*** DATA FOR THE TASK ***

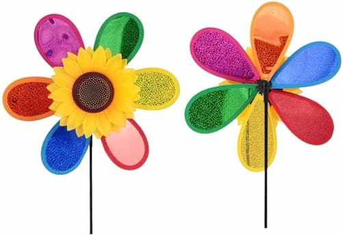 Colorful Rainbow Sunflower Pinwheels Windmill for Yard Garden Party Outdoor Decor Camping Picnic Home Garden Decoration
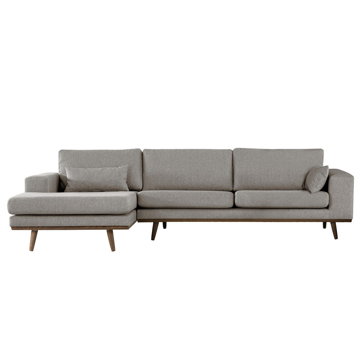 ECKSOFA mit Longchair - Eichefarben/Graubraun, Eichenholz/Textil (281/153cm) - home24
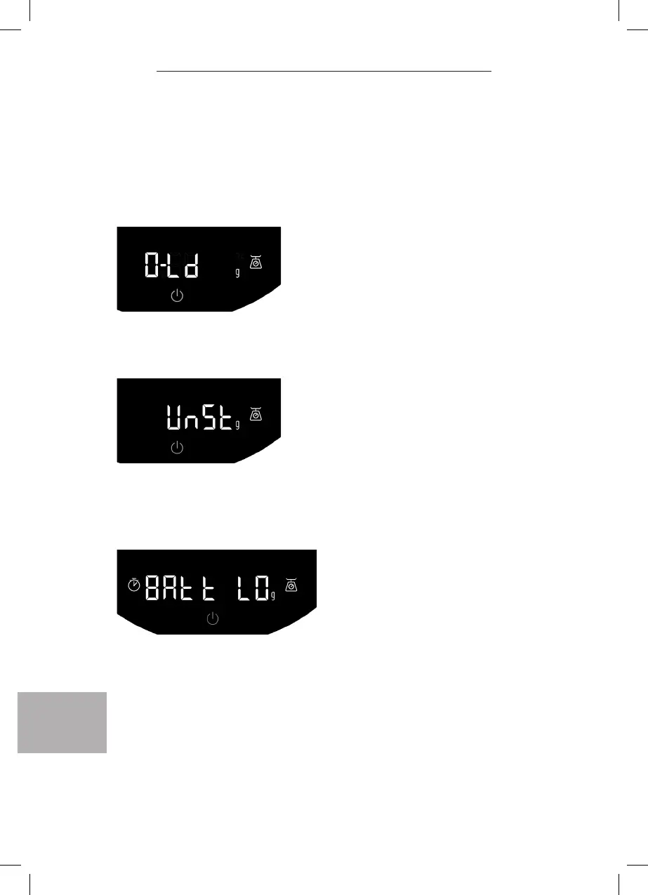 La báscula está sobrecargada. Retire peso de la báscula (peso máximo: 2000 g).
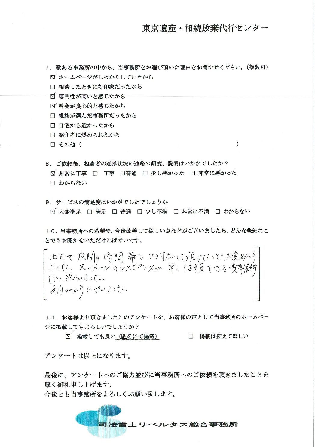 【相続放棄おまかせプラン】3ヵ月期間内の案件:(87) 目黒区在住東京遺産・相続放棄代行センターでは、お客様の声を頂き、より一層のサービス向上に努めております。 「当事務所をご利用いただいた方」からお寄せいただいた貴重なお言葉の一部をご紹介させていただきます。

***
*** DATA FOR THE TASK ***

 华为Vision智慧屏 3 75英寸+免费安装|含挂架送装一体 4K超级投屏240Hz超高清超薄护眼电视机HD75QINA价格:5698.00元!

***
*** DATA FOR THE TASK ***

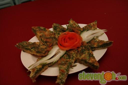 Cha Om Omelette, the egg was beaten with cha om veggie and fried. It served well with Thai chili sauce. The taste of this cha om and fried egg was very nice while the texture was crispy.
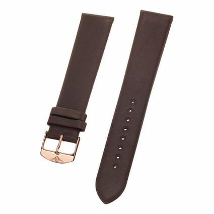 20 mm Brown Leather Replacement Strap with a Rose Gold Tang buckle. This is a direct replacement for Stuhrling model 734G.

***

» EXERCISE INSTRUCTIONS
When copying from the data above, begin at the line containing "Colorful Rainbow Sunflower" and end at the line containing "La báscula está"; return those lines exactly and leave all pictures behind.

» SOLVED PROBLEM
 Colorful Rainbow Sunflower Pinwheels Windmill for Yard Garden Party Outdoor Decor Camping Picnic Home Garden Decoration
 ECKSOFA mit Longchair - Eichefarben/Graubraun, Eichenholz/Textil (281/153cm) - home24
 La báscula está sobrecargada. Retire peso de la báscula (peso máximo: 2000 g).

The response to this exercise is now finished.